Профессор принюхался, когда Ник его вкатил.
— Пойдешь в душ?
— Потом, — сказал Ник.
— Сейчас, — потребовал профессор. — Воняешь, как поросенок.
Горячая вода не утопила порхавших в животе бабочек, и, насухо вытираясь, Ник отверг протянутую руку судьбы. Открыв дверь ванной и видя ожиревшего, волосатого, голого, немощного академика на электрическом стуле, он признал, что Ленни пришел бы в презрительное негодование, только Ленни тут не было.
Профессор окинул взглядом полуобнаженное тело Ника.
— Быстро управился, — заметил он. — Потрудился намылиться?
— Конечно, — соврал Ник, чуя запах собственного взволнованного пота.
— Нервничаешь? — улыбнулся профессор. — Немного же на тебе мяса, мальчик.
— Сплошь мышцы, — улыбнулся Ник в ответ.
Профессор поднял бровь.
— Посмотрим. Отдохни в постели, пока я душ приму.
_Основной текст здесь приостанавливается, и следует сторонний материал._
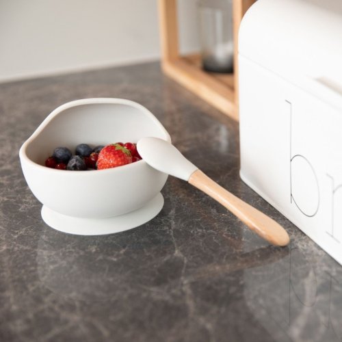 Miska s přísavkou a lžičkou, která naučí Vaše dítě jíst samostatně, bez potřeby držení či krmení jinou osobou.

Поедим после дела.
Ник кивнул, отступил в сторону, дав проехать коляске. Номер был одним из двух в отеле, предназначенных соответственно требованиям ЕС для людей с ограниченными физическими возможностями, включая душ с низким сиденьем и поручнями. Имелся и звонок срочного вызова, приводившийся в действие рывком шнура и оповещавший служащих о нуждах беспомощных постояльцев. Встав на низкое сиденье, Ник привязал шнур к потолку и, пока профессор распевал Бизе в предвкушении грядущих наслаждений, крепко припер гладильной доской дверь ванной. Быстро одевшись, включил музыкальный канал Эм-ти-ви, прибавил звук, обшарил брючные карманы профессора. Бумажника не оказалось — должно быть, недоверчивый сукин сын забрал его с собой в ванную, — но поиски принесли ключи от инвалидной машины, несколько евро мелочью и карманный аэрозоль с феромонами. Ник все это забрал и выехал с гостиничной автостоянки. Профессор к тому времени даже не успел хорошенько намылить подмышки.
31
Санитар! Санитар! (исп.).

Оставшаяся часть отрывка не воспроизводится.